Шрифт:
Интервал:
Закладка:
Во время этого поиска воспоминаний он казался себе кем-то, кто безуспешно пытается разглядеть предмет вблизи себя, думая, что предмет этот находится далеко, и потому неправильно воспринимает все его очертания. Но, когда он уже решил бросить это занятие и готов был забыть краткое и незначащее переживание «вполглаза», дело обернулось по-новому и детская туфелька заняла вдруг свое место. Глубоко вздохнув, писатель почувствовал, что в переполненном хранилище картин его души детская туфелька лежит не в самом низу, относится не к самым ранним приобретениям, нет, она была совершенно новой, недавней. Совсем, совсем недавно этот ребенок был как-то с ним связан, совсем недавно он видел где-то эту убегающую детскую ножку.
И вдруг он разом все вспомнил. Ну конечно же, вот она, коричневая туфелька, а вот и ребенок, обутый в нее, ребенок из сна, который приснился писателю прошлой ночью. Боже мой, да как же мог он забыть этот сон? Он проснулся среди ночи счастливый, потрясенный таинственной силой сновидения, проснулся с чувством, что пережил нечто важное, исключительное, но вскоре снова заснул, и какого-то часа утреннего сна оказалось достаточно, чтобы начисто изгладилось в памяти исключительное переживание, так что лишь теперь, в эту секунду, оно снова воскресло, пробужденное мимолетным образом детской ножки. Как мимолетны, кратки, как покорны воле случая глубочайшие чудеснейшие переживания нашей души! И ведь что удивительно — теперь ему уже опять не удавалось восстановить целиком свое сновидение. Лишь отдельные картины, почти не связанные между собой, смог он воскресить в памяти — иные были свежи, искривились жизненным светом, другие успели поблекнуть, подернулись туманом, понемногу начали расплываться. А ведь как прекрасен, глубок, одухотворен был этот сон! Как забилось у него сердце в первую секунду после пробуждения среди ночи — восхищенно, несмело, словно в детстве, когда наступали праздники! Как нахлынуло вдруг острое чувство, что во сне он пережил что-то драгоценное, важное, что нельзя забыть, нельзя потерять! А теперь, спустя несколько часов, у него остался лишь крохотный фрагмент, отчасти размытые уже картинки, слабый отзвук в сердце — все остальное утрачено, минуло, оно уже не живет!

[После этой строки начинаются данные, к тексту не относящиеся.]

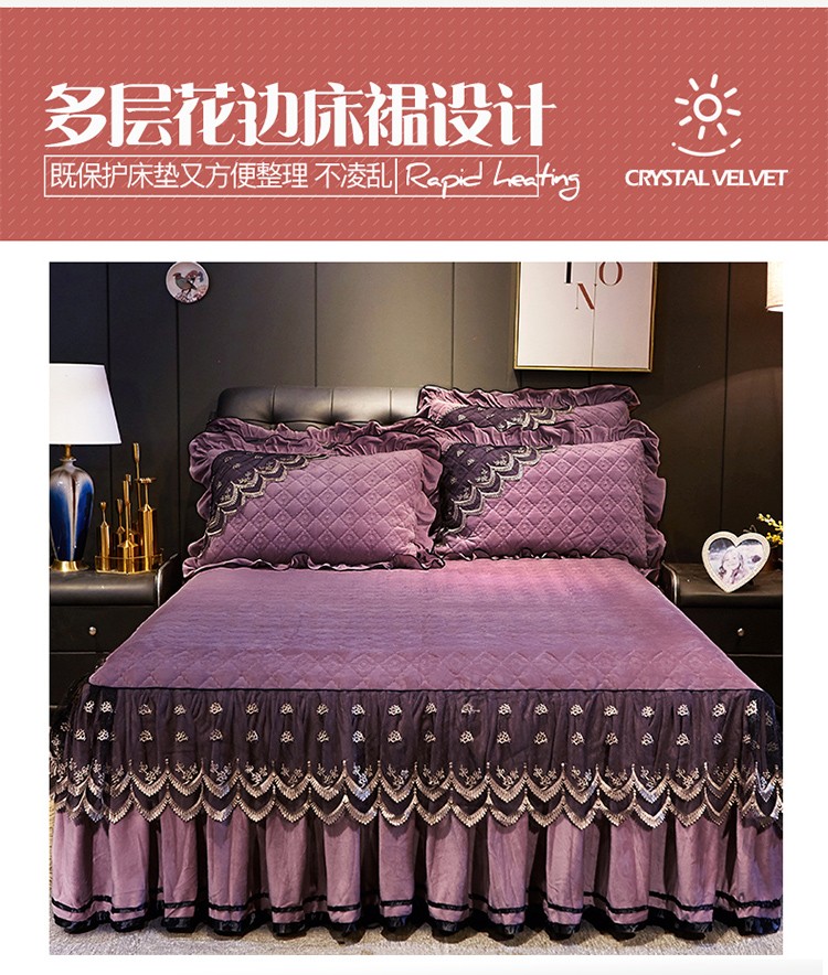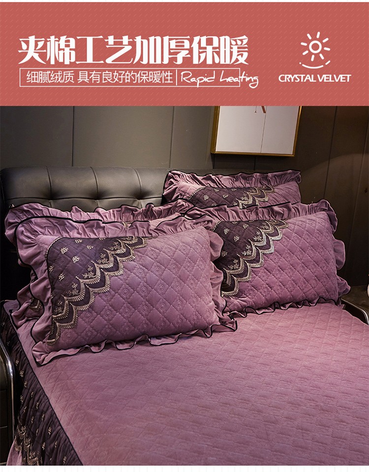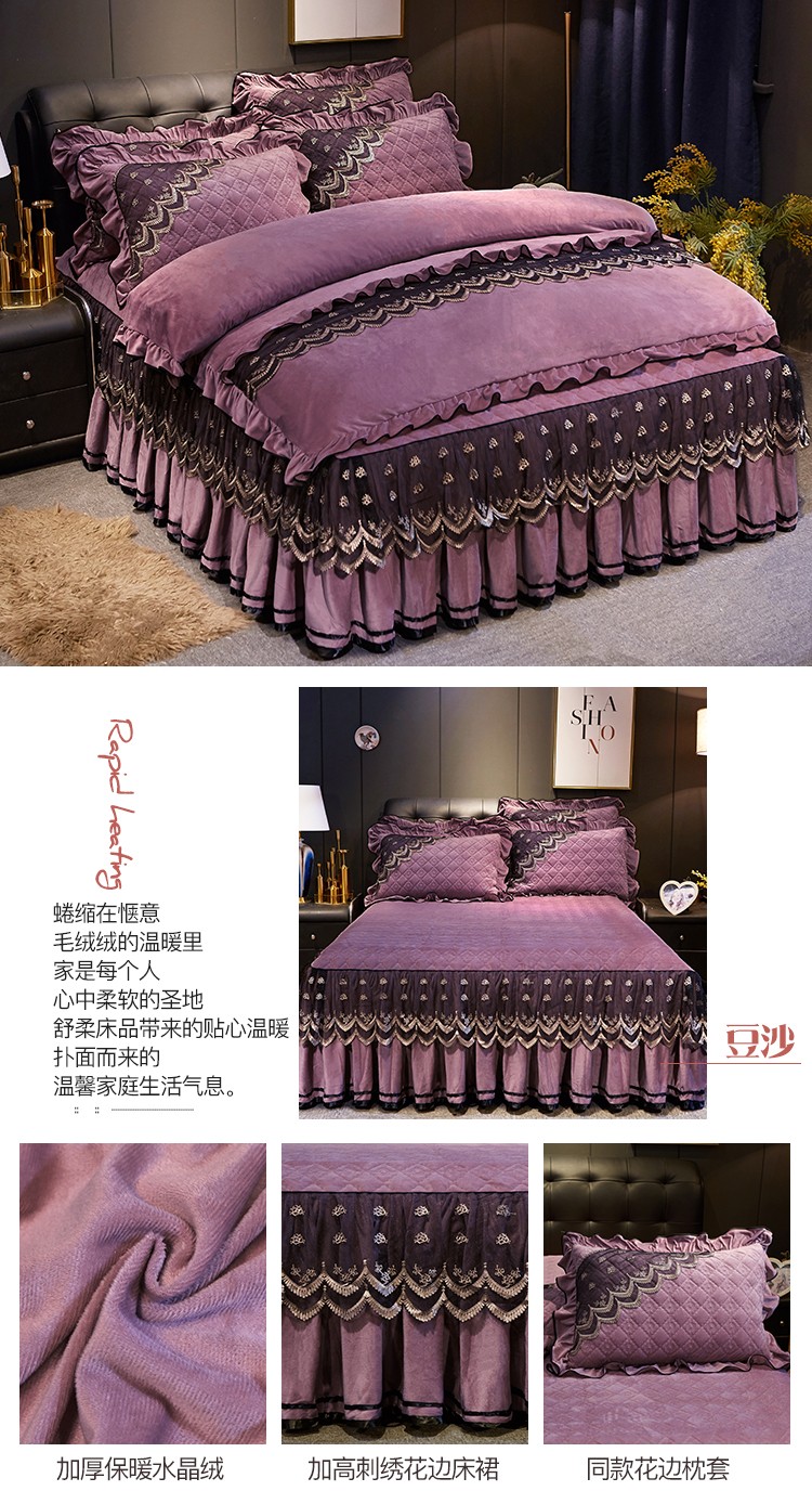 网红馆 2025新款玲珑时尚水晶绒夹棉床裙四件套 豆沙
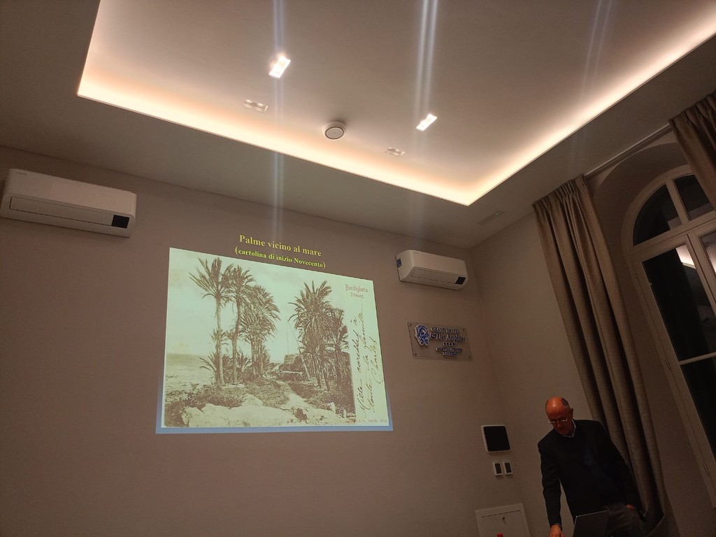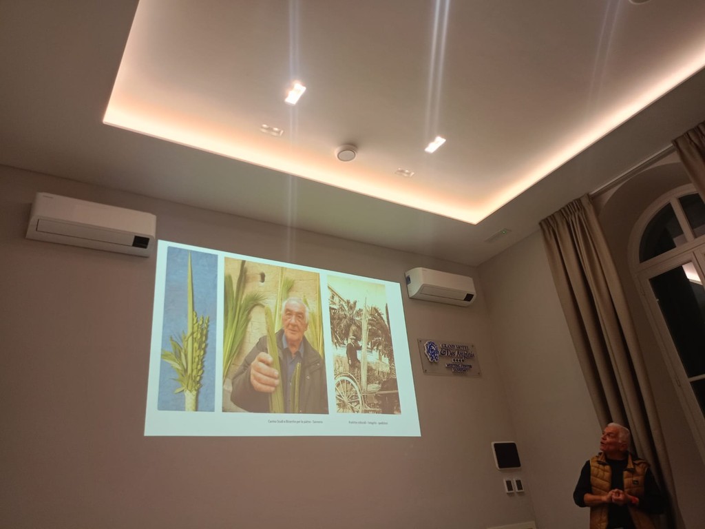 "Una conferenza di particolare interesse" - fanno sapere gli organizzatori - "I relatori Alessandro Carassale e Claudio Littardi hanno accompagnato il pubblico presente in sala in un viaggio che ha spaziato dalla Riviera Ligure fino ad arrivare alla Terra di Israele. Partendo dalla coltivazione fino ad arrivare alla vendita delle palme, il professor Carassale, con dovizia di particolari, ha spiegato come venivano commercializzate queste piante e quali fossero gli imprenditori che hanno dato un forte impulso a questa attività commerciale. Di grande interesse è stata l’analisi dell’andamento economico di questa attività riferendosi a un range temporale molto ampio".
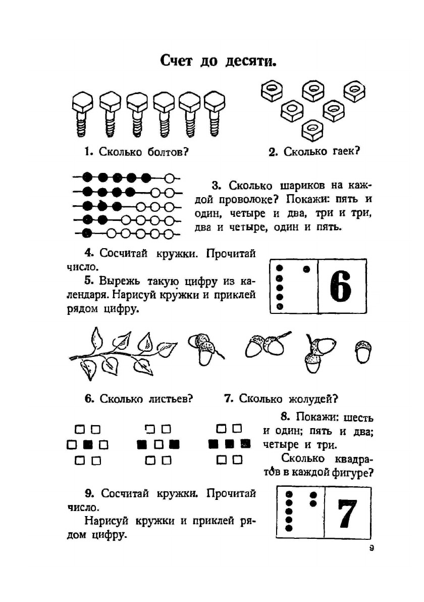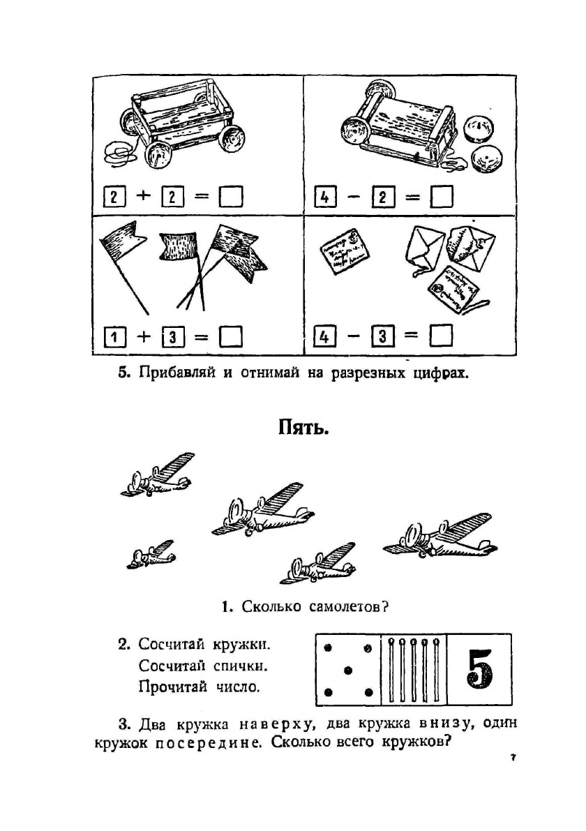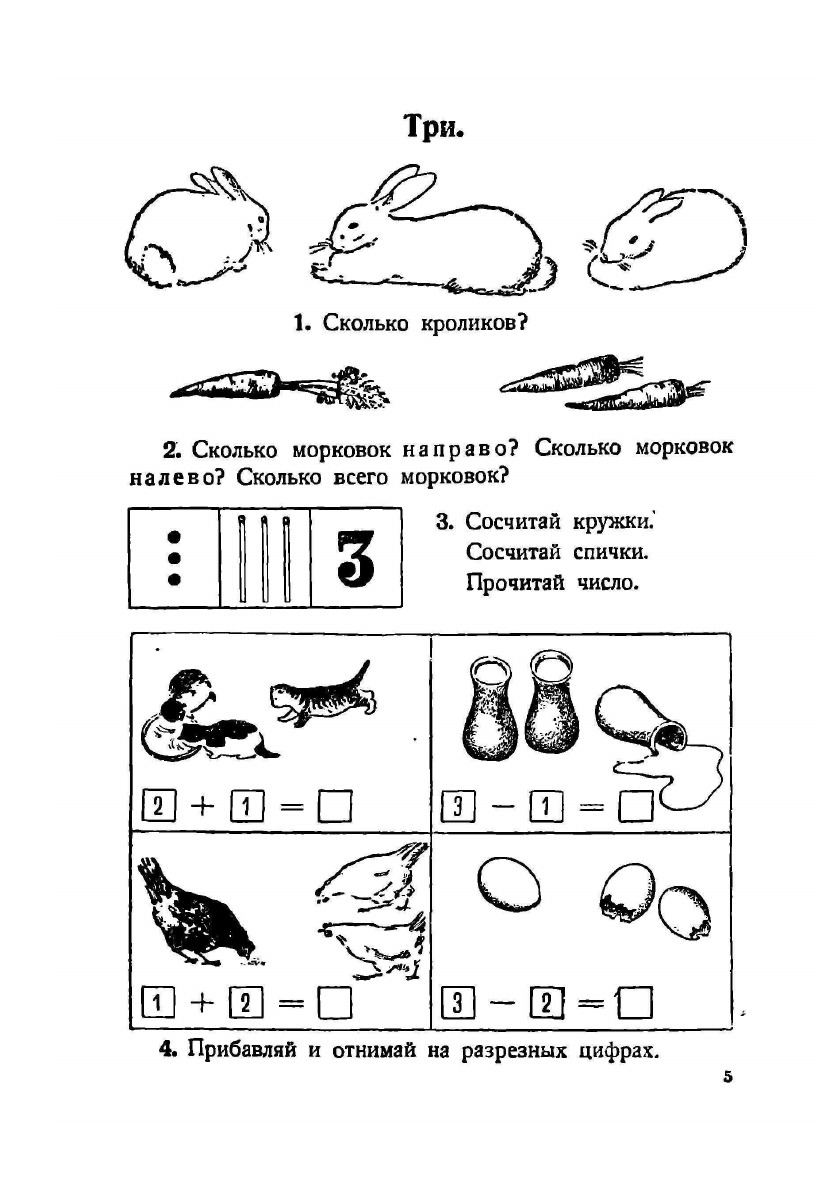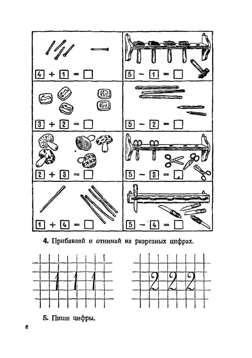 На первых порах, изучая состав чисел и счет до 10, дети учатся только узнавать цифры. В это время применяется разрезной дидактический материал. Письмо цифр начинается позднее и протекает медленнее. На первых порах в некоторых примерах встречаются цифры, которые дети еще не умеют писать. В таких случаях дается указание: «прибавляй и отнимай устно».
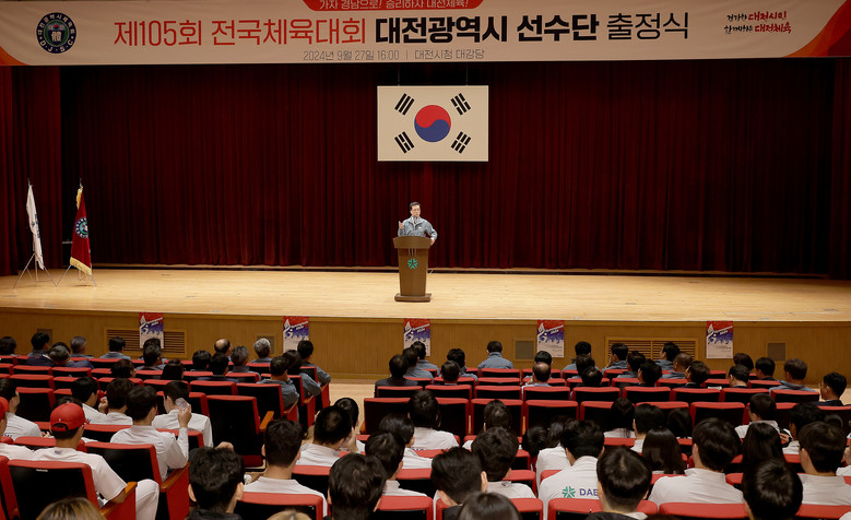 [대전 세계타임즈=이채봉 기자] 대전시의회 조원휘 의장은 27일 시청 대강당에서 열린 ‘제105회 전국체육대회 시 대표선수단 출정식’에 참석해 다음 달 11일부터 17일 개최되는 전국체육대회에 참가할 49개 종목 1,626명의 대전시 대표선수단을 격려하는 가운데, 축사를 통해 “대전시의회는 대전의 체육진흥을 위해 정책적인 지원에 최선을 다해 나갈 것”이라고 성원했다.
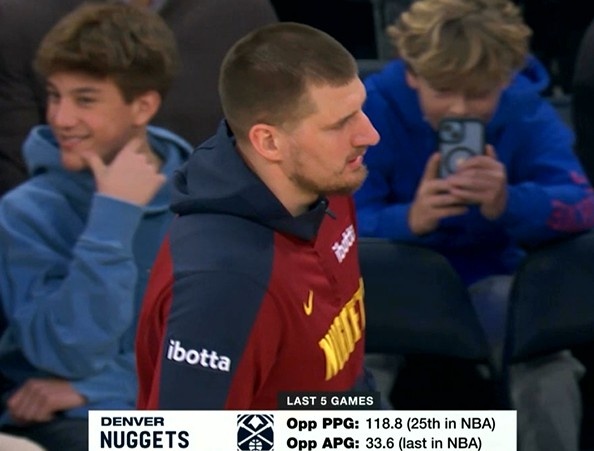 掘金近5场场均丢118.8分 场均让对手送出33.6次助攻联盟最差
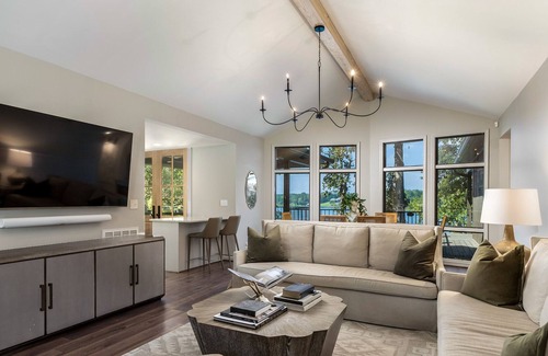 The property also boasts a boathouse/dock equipped with Wi-Fi and a television over a large bar with a refrigerator, providing an additional space to unwind. Gather around the firepit, built to accommodate 8 people, and enjoy meaningful conversations complemented by awe-inspiring views. Retreat to the gigantic master suite to soak in the tub, or lay in bed while gazing out of the beautiful French doors overlooking the lake. It's the perfect setting for a memorable getaway, offering every amenity to ensure your stay is as relaxing and enjoyable as possible.

И все-таки это немногое было спасено. Писатель тут же решил собрать все, что еще сохранилось в его памяти от вчерашнего сна, и записать все верно и точно, насколько это удастся. Он быстро достал из кармана блокнот и принялся записывать отдельные самые важные слова, чтобы по возможности схватить общую композицию и основные черты сна. Но даже это не удалось. Ни начала, ни конца сна он уже не помнил, а для большинства сохранившихся в памяти фрагментов не мог определить, где было их место в привидевшейся ему истории. Нет, надо было начать иначе. Прежде всего он должен спасти то, что еще можно вспомнить, должен непременно поймать все разрозненные, но пока не потускневшие образы и, главное, детскую туфельку, пока они не упорхнули, эти пугливые волшебные птицы.
И, подобно могильщику, который с помощью немногих уцелевших букв или знаков пытается прочесть надпись, обнаруженную им на древнем надгробии, наш писатель старался прочесть свой сон, соединяя друг с другом его разрозненные фрагменты.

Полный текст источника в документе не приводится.